On the surface, the bonuses seem indefensible, particularly when Alberta Health Services operated in 2009-2010 with a deficit of $885 million. General targets were missed, waiting lists grew and Albertans suffered.

But Duckett and his 79 vice-presidents are responsible for the administration of an $11-billion health-delivery system and the 90,000 Albertans who work in that system.

They are retooling a system that has received failing grades for years. It was top-heavy, slow and cumbersome (the previous regional management system included 144 vice-presidents).

It is a system that has been repeatedly undermined by bad political choices made by leaders who were more concerned with optics and dollars than the health of Albertans.

“If we want to have the best health-care system‚ and Albertans do — it costs us to have that. Good management costs money,” says Alberta Treasury Board president Lloyd Snelgrove.

He has a point, particularly when only seven of 80 senior managers were paid bonuses based on meeting at least some of their targets.

But how does Snelgrove argue his point when Stelmach seems intent on undercutting the philosophy of performance-based management and efficiency-driven structure? How does Snelgrove make Stelmach see the necessity of paying skilled, experienced people what the market dictates, and the obligation to meet contracts?

This week, Stelmach mused that “it’s time where we have to look at a different model to reimburse CEOs, especially public authorities.” He said that he’s asked Health Minister Gene Zwozdesky to review the system and “to come back to me personally to see how we can do this differently.”

The message seems to be that although a structure was put in place, and entrusted to a superboard with a broad set of business and health-delivery skills, Stelmach is reluctant to let it run its course.
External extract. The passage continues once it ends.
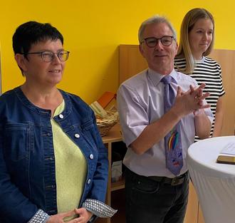 Von links: Kerstin Halladin, Geschäftsführerin der ABG, Thomas Redelberger, Bürgermeister Heusweiler und Katharina Luksic, stellvertretende Ortsvorsteherin Holz, bei der Eröffnung der Nachmittagsbetreuung.

Essentially, it would seem that his trust in the structure he built and the people he appointed is now wavering.

The bonuses were approved by the health superboard, and cabinet, based on contracts signed in good faith, working with criteria agreed by all parties.

Perhaps the contracts lack the clarity they should contain, as the Liberals have complained. Perhaps 79 vice-presidents is still too many and that more of the $11 billion invested in the health system needs to filter down to primary care. Certainly there is a crying need in every community for more beds, more practitioners and more imaginative ways of delivering care.

It may even be that the structure Stelmach has put in place and entrusted to Duckett and the superboard is faulty and needs to be altered.

But the work of improving health care in Alberta shouldn’t be derailed by an outcry over a mere $1 million in bonuses paid to a small group of executives who are trying to meet government-mandated targets.

Stelmach would serve Albertans far better by helping the superboard, and Alberta Health Services executives, to define and establish a quality health-care system. Undermining them won’t accomplish anything.

John Stewart is the Advocate’s managing editor.